Si l’efficacité de certaines sûretés réelles est limitée dans le cadre du redressement judiciaire, elle doit être
restaurée en cas de liquidation judiciaire.

Les différentes atteintes aux droits des créanciers ne se justifient que dans la mesure où elles sont nécessaires à la
réalisation de l’objectif de redressement. En revanche, ils ne sont nullement justifiés dans une procédure de
liquidation judiciaire.

Or, la législation fait état du maintien des sacrifices imposés aux créanciers dans le cadre de la liquidation. En
effet, en cas de liquidation judiciaire, l’entreprise ne peut plus être sauvée. Le but de la procédure consiste à
régler les différents créanciers. On devrait retrouver, ainsi, le jeu normal des sûretés réelles, puisque l’on réalise
les différents actifs de l’entreprise, que ce soit de manière isolée ou par unité de production.

Les créanciers munis de garanties devraient pouvoir librement mettre en œuvre leur sûreté et recevoir un
paiement compte tenu de leurs causes de préférence.

Toutefois, le législateur continue à imposer de tels sacrifices aux créanciers dans le cadre de la liquidation. Il en
est ainsi de l’application de l’article 575 du code de commerce.(Copyright Artémis 2014 - tous droits réservés)

Bien que le but du droit préférentiel instauré par l’article 575 du Code de commerce est de faciliter le
financement de l’entreprise pendant la période d’observation, il s’applique également en cas de liquidation
judiciaire, alors que, dans ce cas, la finalité de cette règle est toute autre : préserver l’actif de l’entreprise pour
satisfaire aux mieux les créanciers.

Or, le maintien des contrats postérieurs, durant cette phase liquidative, aboutit à aggraver la situation de
l’entreprise déjà sérieusement compromise, laissant les créanciers antérieurs dans une situation désastreuse.

[1] Taller, Des faillites en droit comparé, T. II, 1887, p.2.

[2] «Dans le jugement arrêtant le plan ou le modifiant, le tribunal peut décider que les biens qu'il estime
indispensables à la continuation de l'entreprise ne pourront être aliénés, pour une durée qu'il fixe, sans son
autorisation.
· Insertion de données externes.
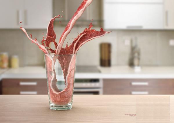夏天快到了,很多人會選擇去便利超商買飲料解渴,但因為健康因素還有省錢,自己制作冰水的朋友也不在少數(shù),但是冰箱只要稍微有異味,不管是冰水溫水冰塊,喝起來就是有點怪怪的冰箱味道,喝了不只沒有消暑的感覺,甚至還多了分惡心感。 在國外的Exito 瓶裝水,就利用了這種冰箱異味當做概念,設(shè)計出一系列驚悚的異味開水廣告海報,特別強調(diào)了他們家的瓶裝水總共有七層,不管你的冰箱異味有多濃都不會影響你喝水的品質(zhì)!淺顯易懂的概念就完整了表達了該廣告所要表現(xiàn)的意象,加上有點超現(xiàn)實的手法,輕松就吸引了眾人的目光(至少編者被吸引了XD),用看的就感覺喝到生肉水的直接感受也令人印象深刻。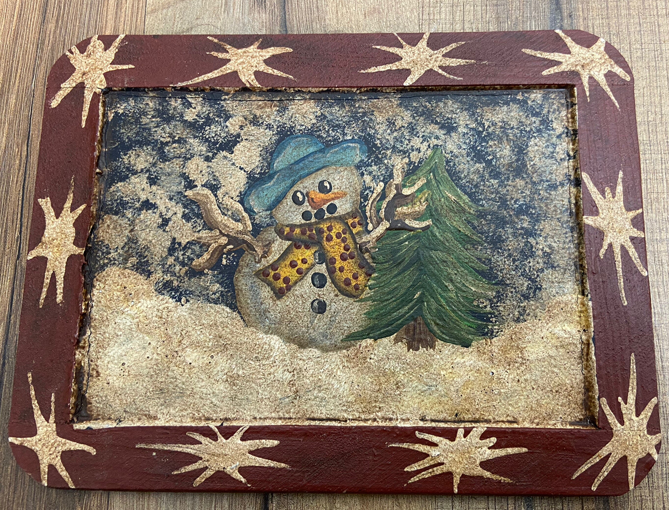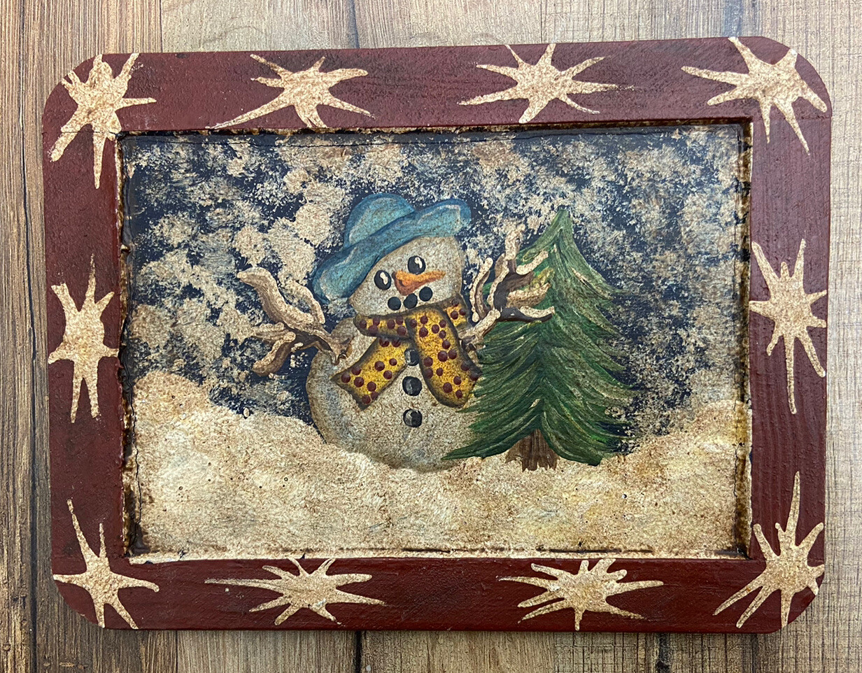 Slates by Zeg Hand Painted Snowman and Tree Wooden Frame Handmade Art Winter

Tout acte passé en violation de cette inaliénabilité est annulé à la demande de tout intéressé
présentée dans le délai de trois ans à compter de la conclusion de l’acte ou de sa publication. L’inaliénabilité
des biens est inscrite au registre du commerce de l'entreprise ».

[3] La cession est une solution moins avantageuse pour les créanciers chirographaires que la continuation. En
effet, traduite non seulement par des délais de paiement – si le prix n’est pas payé comptant- mais aussi par des
paiements partiels, lorsque le prix est inférieur au montant du passif, ce qui est le cas dans la plupart du temps.
Au contraire, en cas de continuation, le tribunal peut imposer aux créanciers des délais mais non des remises.